MATLAB: How to make data files available to the code running on MATLAB Distributed Computing Server

attachcomputingMATLAB Parallel Servermdcsparallelpcttoolboxupload

I have a MATLAB program which uses some data files. These files are currently stored on my local computer. I can use these data files without issue when running parallel code on my local machine, but when I try to run on my MATLAB Distributed Computer Server cluster, I receive errors saying that the files cannot be found.
How can I make these data files available to my code running on the cluster?

Best Answer

There are three ways to make local data files available to workers on a cluster:
1) *Create a _job_ for your computation, and attach files to the job.* This option does not require infrastructure changes but will not scale well if you have many workers, large files, or a large number of files.
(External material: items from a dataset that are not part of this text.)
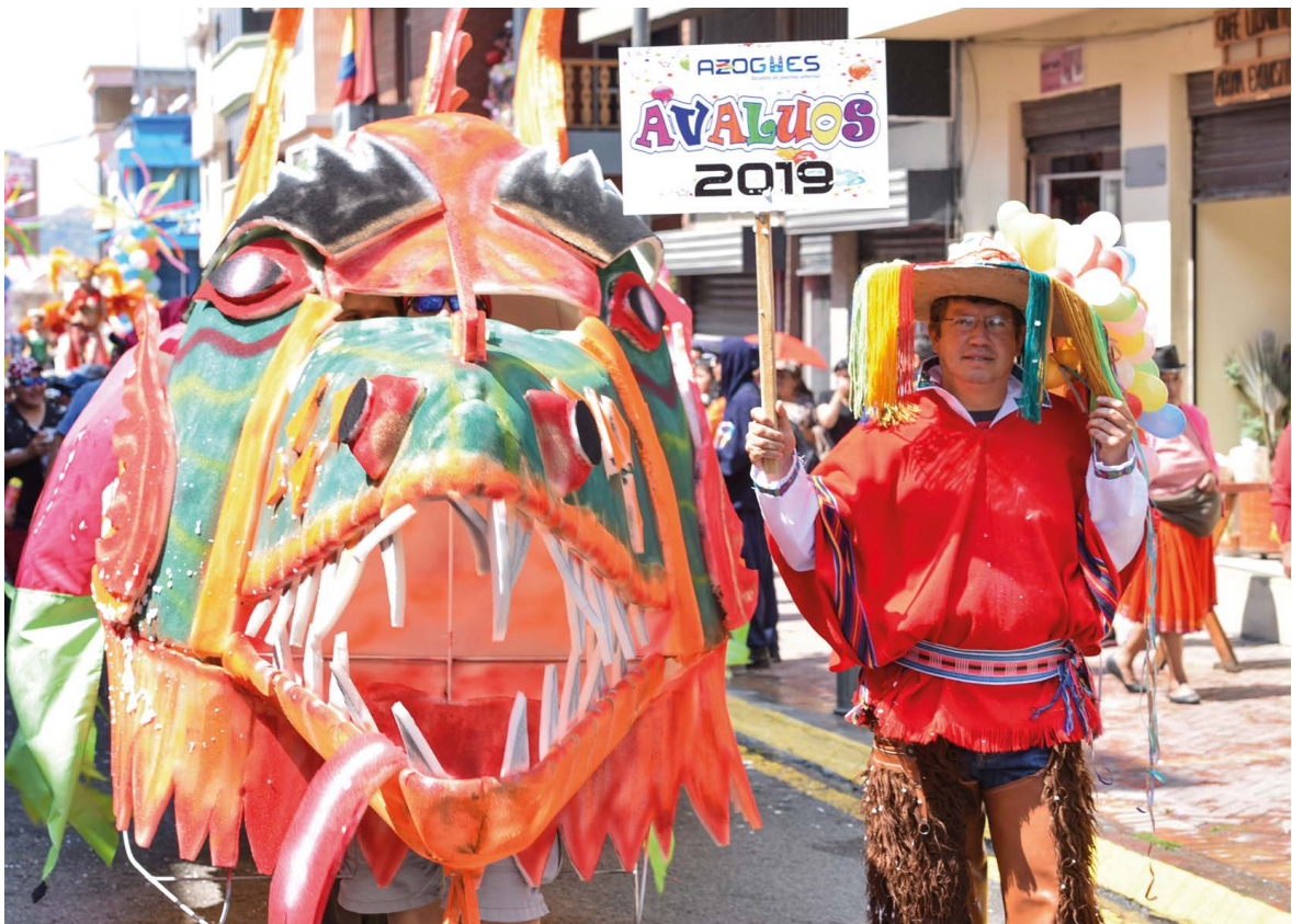
Carro alegórico con el Taita Carnival.
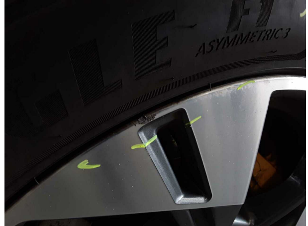
Dommage #1: Roue / Pneumatiques: Jante alliage avant gauche - Erafé - Diminution de valeur
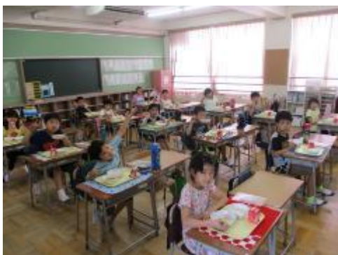
2年生の給食の様子です。
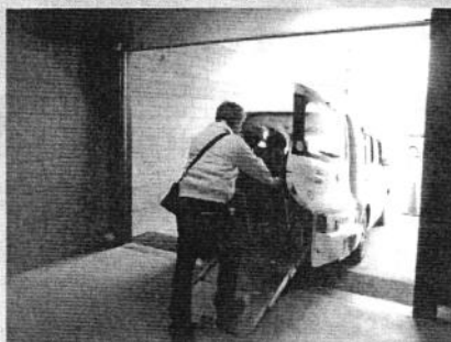
福祉車両試乗体験 (豊中アッシー)
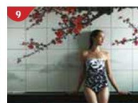
Crystal Life™ Spa Rejuvenate mind, body and soul with our holistic Western and Asian spa experience.
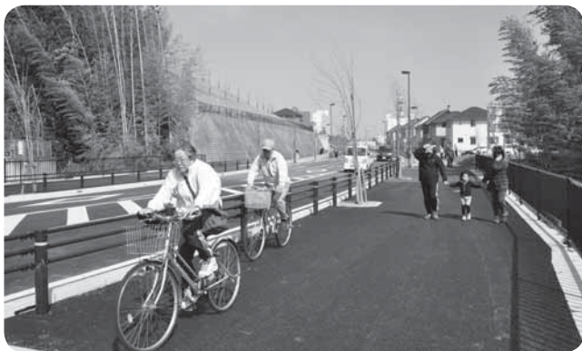
はなのき台と台方のアクセスが改善

成田ニュータウン地区と国道464号を連絡する赤坂台方線(全線2,210メートル)。未整備だった、はなのき台から680メートルが完成し、3月30日に開通しました。
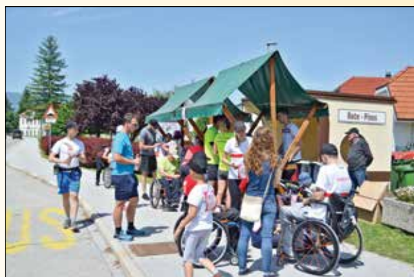
Start teka je bil izpred avtobusne postaje pri gradu v Račah, trasa pa je bila dolga šest kilometrov
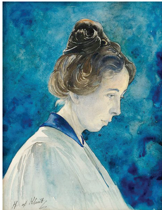
Hilma af Klint. „Selbstportrait“. Undatiert. Aquarell auf Papier. Ca. 27,5 x 21,5 cm.
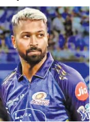
યુક્રો છે જેમાં તેણે ૧૬.૪૪ના સ્ટ્રાઇક-રેટ સાથે કુલ ૧૪૬ રન કર્યા છે જેમાં એકેચ હાફ સેન્યુરી નથી. હાર્દિક આઠ મેચમાં કુલ માત્ર ચાર વિકેટ લઈ શક્યો છે.

મેચની બહાર હતો. તેની ગેરહાજરીમાં સૂર્યકુમાર યાદવે કેપ્ટન્સી સંભાળી હતી. સૂર્યએ ટોસ વખતે કહ્યું હતું કે 'હાર્દિક પૂર્ણપણે ફિટ નથી એટલે તે પ્લેઇંગ-ઇલેવનમાં સામેલ નથી.' જોકે પીઠની કથિત ઈજાને કારણે તે અગાઉ દિલ્હી સામેની મેચમાં પણ નહોતો રમ્યો. મુંબઈની ટીમ આ વખતની ટૂર્નામેન્ટમાં બહુ ખરાબ હાલતમાં છે. માત્ર છ પોઇન્ટ સાથે આ ટીમ છેક નવમા નંબરે છે. હાર્દિકનો પોતાનો પર્ફોર્મન્સ પણ સારો નથી. ૧૦માંથી મુંબઈની ટીમ ફક્ત ત્રણ મેચ જીતી છે અને સાત મેચમાં પરાજિત થઈ છે. હાર્દિક આઠ મેચમાં બેટિંગ કરી

The following example creates a job with attached files, adds a task, and submits the job. The code will need to be changed to refer to just the filename included in 'AttachedFiles', instead of the path to the file on the local machine.
c = parcluster('myRemoteClusterProfile');
j = createCommunicatingJob(c,'AttachedFiles', {'myData.csv'});
t = createTask(j, @myFunc, 1, {10,10}); % myFunc has 1 output argument and two inputs
submit(j); % Submit the job to the cluster so it can be run
Refer to the following documentation for more information about creating jobs for a cluster:
*2) Start a parallel pool, and attach files to the job. *This option is very similar to (1), but files will be attached to parallel pool instead of a job. The files will remain on the workers while the pool is open. The same considerations apply to this approach as (1). Example:
c = parcluster('myRemoteClusterProfile');
poolobj = parpool(c);
addAttachedFiles(poolobj, {'file1.mat'});
Refer to the following documentation for more information about attaching files to a parallel pool:
3) Place the data in a networked file share which the worker machines can access. This option may require some infrastructure changes depending on your network, however this option scales better for large files and many workers. Your code would need to use the path to the data at the network location instead of the path to the data on the local hard drive.